Steps for benchmarking
There are different models in benchmarking and the steps vary as well. Some basic steps related to benchmarking are:

  • Planning: This step involves initial planning by management, informing the staff about the plan, choosing a team to operate the process, determining what to benchmark and why, determining information source, etc.  
  • Research: At this stage, it is important to thoroughly research on the activity one wants to benchmark. This step involves checking information in libraries journals, etc.   
  • Selecting a partner: After the initial stages of planning and research, the third stage involves selecting a benchmarking partner (or partners). It is advisable to establish a list of organizations which are well known in the industry for their best practices. After selecting a few potential partners (not too many, 3 is sufficient) from the list, it is now to contact them and explain them the objectives of your organization.
  • Collecting and sharing information: This is one of the most crucial stages where a business requires to focus on collecting information from its benchmarking partners - information which could later be implemented to improve its own processes.

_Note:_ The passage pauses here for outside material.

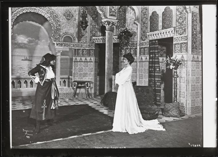 A scene from Paul M. Potter's play "Under Two Flags" presented by Charles Frohman in 1901 featuring Blanche Bates as Cigarette.

This is not a one-off action and the benchmark team of the business may visit the benchmark partners' organization several times for full understanding of how things work.      
  • Analyze and Adaption: This step involves summarizing and analyzing the data collected to find out in which areas improvement is required. At this stage, the business needs to develop strategies and and agree on a action plan.

Benchmarking has proved to be one of the most effective tools of management for bringing about quantum-leaps in performance of an organization. It helps a business to learn from the experience of others and improve itself by replicating the best practices already undertaken by someone else in the industry. It provides opportunities for staff to learn new skills and also boosts their confidence in developing new approaches. For SMEs, which are constantly seeking new ways of doing things, benchmarking could be an effective 'wake-up call' and an impetus for change towards development.